Class Certification and Settlement
To date, class certification battles have been rare in cases arising out of data breach, which is likely explained by the fact that so many defendants have been successful disposing of cases prior to certification. With respect to consumer privacy cases, particularly those that arise out of a defendant’s privacy policies, the statutory privacy claims are often litigated on the merits, with little argument around the issue of whether a class can be properly certified, though that certainly is not always the case. For example, in Local Baking Products, Inc. v. Kosher Bagel Munch, Inc., the New Jersey appellate court decided this year, after reviewing cases on both sides of the issue, that TCPA claims were not suitable for class certification because class treatment is not a superior method for handling claims because the statutory damages regime incentivizes individual actions. Further, the court found, common issues did not predominate because of individualized issues over whether calls and faxes were authorized by the consumer.

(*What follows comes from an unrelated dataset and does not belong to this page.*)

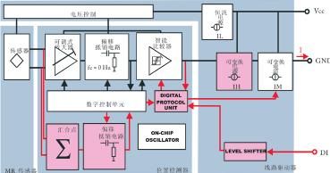 為消除此噪聲對輸出信號的影響,另一封裝中裝入了信號處理專用集成電路(ASIC)。后者也包含一個線路驅動器,以便為信號處理和高電壓接口提供電源電壓(圖 1)。圖 4 所示為信號處理架構。用于故障排除的中心元件為包括調式放大器、偏移抵消電路和智能比較器。根據傳感器和編碼器輪之間的距離,可調式放大器可以與信號級匹配。對于偏移抵消電路,有一種控制系統(tǒng)(與高通濾波器不同)可消除偏移,同時將系統(tǒng)頻率保持為 0?Hz。否則,就不可能檢測到停止不動的編碼器輪。智能比較器的臨界值是可變的,并且可設置,使磁滯處于信號振幅的 20% 和 45% 之間。這可確保充分抑制噪聲,而且振幅突降達 50% 也不會影響系統(tǒng)的正常運轉。模擬前端的個別組件控制則通過數字接口實現。所述系統(tǒng)均利用仿真技術開發(fā)和驗證。下文將概略介紹系統(tǒng)開發(fā),同時闡述如何使用模型來改進設計。

Frequently, privacy class actions are certified for settlement purposes, and given the immense exposure under statutory damages provisions, settlement at even close to the maximum aggregate value of the claims is a practical impossibility, which creates challenges for both the parties and the courts. Cases are commonly settled for coupons or services, injunctive relief or compliance monitoring (i.e., changes in privacy policies), cy pres awards, or monetary relief to class members in the cases where statutory damages are sought. And while most privacy class action settlements have been approved, in some cases, the courts have been skeptical.

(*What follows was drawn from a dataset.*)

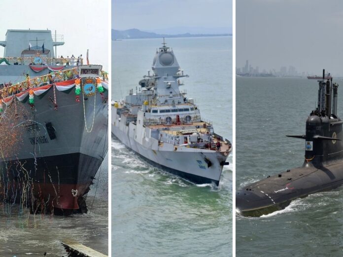 मुंबई – प्रधानमंत्री नरेंद्र मोदी ने आज मुंबई में भारतीय नौसेना के तीन अत्याधुनिक युद्धपोतों को राष्ट्र को समर्पित किया। इनमें आईएनएस सूरत, आईएनएस नीलगिरी और आईएनएस वाघशीर शामिल हैं। इस अवसर पर प्रधानमंत्री मोदी को गार्ड ऑफ ऑनर दिया गया और रक्षा मंत्री राजनाथ सिंह सहित अन्य वरिष्ठ नेताओं और नौसेना के अधिकारियों की उपस्थिति रही।

For instance, the district court in Fraley v. Facebook declined to grant preliminary approval to a proposed settlement in November. In Fraley, the plaintiffs charged that Facebook violated its own privacy policies as it related to the use of Facebook subscribers’ information in connection with the “sponsored stories” advertising service. The proposed settlement called for a $20 million settlement fund, half of which was earmarked for class counsel, and the other half of which would be distributed as cy pres awards. Judge Richard Seeborg specifically questioned the adequacy of compensation to the class in light of the $750 per violation that would be recoverable under the statute at issue. Judge Seeborg ultimately granted preliminary approval, however, of a revised settlement that allowed for payments of up to $10 per class member.